The New York Times has spent the last decade slowly getting around to publishing stories and editorials that would have been good to read earlier instead of the cheerleading that helped the administration's fabricated case for invading Iraq. Like, for example, the year-long delay in letting everybody know in 2005 what it had discovered in 2004 about the Bush-ordered warrantless eavesdropping of Americans inside and outside the nation.
Today, far more belatedly, the Times editorial board took the proper stance on America's torturers. Not just the handful of order-takers far down the chain of command who have already been prosecuted and served their time. But the order-givers:
… any credible investigation should include former Vice President Dick Cheney; Mr. Cheney’s chief of staff, David Addington; the former C.I.A. director George Tenet; and John Yoo and Jay Bybee, the Office of Legal Counsel lawyers who drafted what became known as the torture memos. There are many more names that could be considered, including Jose Rodriguez Jr., the C.I.A. official who ordered the destruction of the videotapes; the psychologists who devised the torture regimen; and the C.I.A. employees who carried out that regimen. […]
Starting a criminal investigation is not about payback; it is about ensuring that this never happens again and regaining the moral credibility to rebuke torture by other governments. Because of the Senate’s report, we now know the distance officials in the executive branch went to rationalize, and conceal, the crimes they wanted to commit. The question is whether the nation will stand by and allow the perpetrators of torture to have perpetual immunity for their actions.
Sadly, frustratingly, infuriatingly, that question has already been answered. The Obama administration has proved it has no stomach for going after the torture order-givers. Some argue that appointing a special prosecutor, as the
Times (and the ACLU and Human Rights Watch) propose would be political suicide and have other disastrous consequences for the nation because, as recent polls show, the majority of Americans (including a very large minority of Democrats) are okay with torture under some circumstances.
That majority has let their reptile brains take over. They think torture works and have no problem with it. Eight seasons of 24 and years of being hammered by tough-guy stereotyping by the likes of chickenhawk Cheney have helped confirm them in those views. Consequently, even though many of the naysayers think a special prosecutor would be the right thing to do, the internationally called-for thing to do, they fear the party of any president who undertakes prosecutions would suffer. So, they say, better not even to try.

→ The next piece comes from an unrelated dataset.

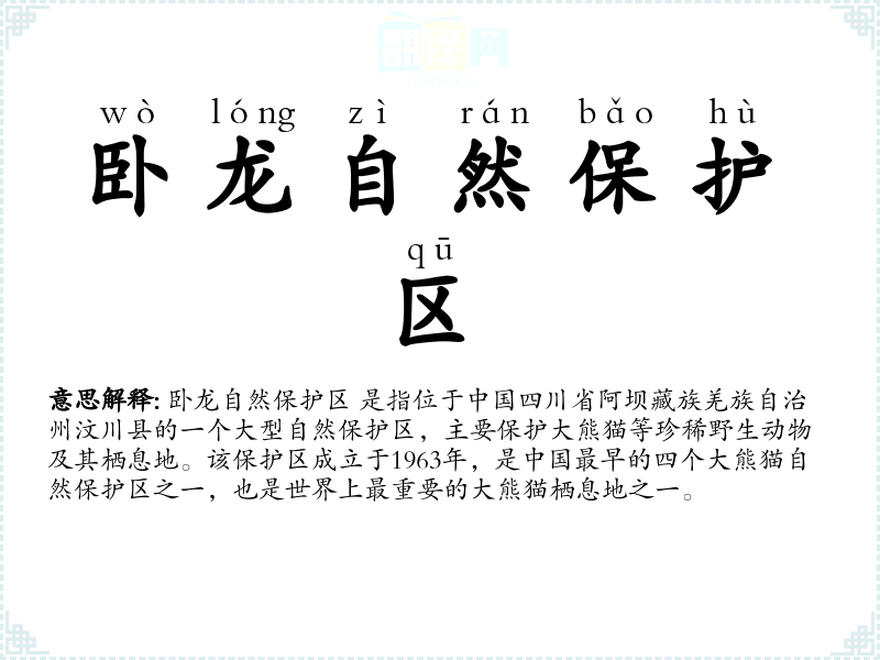 卧龙自然保护区的意思

In making these political calculations, it should be remembered once again, that in carrying out torture, the CIA was not acting as a rogue agency, with a few individuals stepping over the line. Top officials ordered torture and crafted bogus legal arguments to back it up. They killed with their torture. They tortured completely innocent people. And they now roam free, collecting their fat speakers' fees and book advances, and being invited to present their twisted inhumanity on television and in op-ed columns.
It should embarrass every American that the torturers likely will continue to get away with this just as their predecessors have. It should stir profound rage that what these men and women did in our name was to make it riskier to be an American. But the extreme difficulty of prosecuting these war criminals should not stop us from continuing to try to bring the them to account.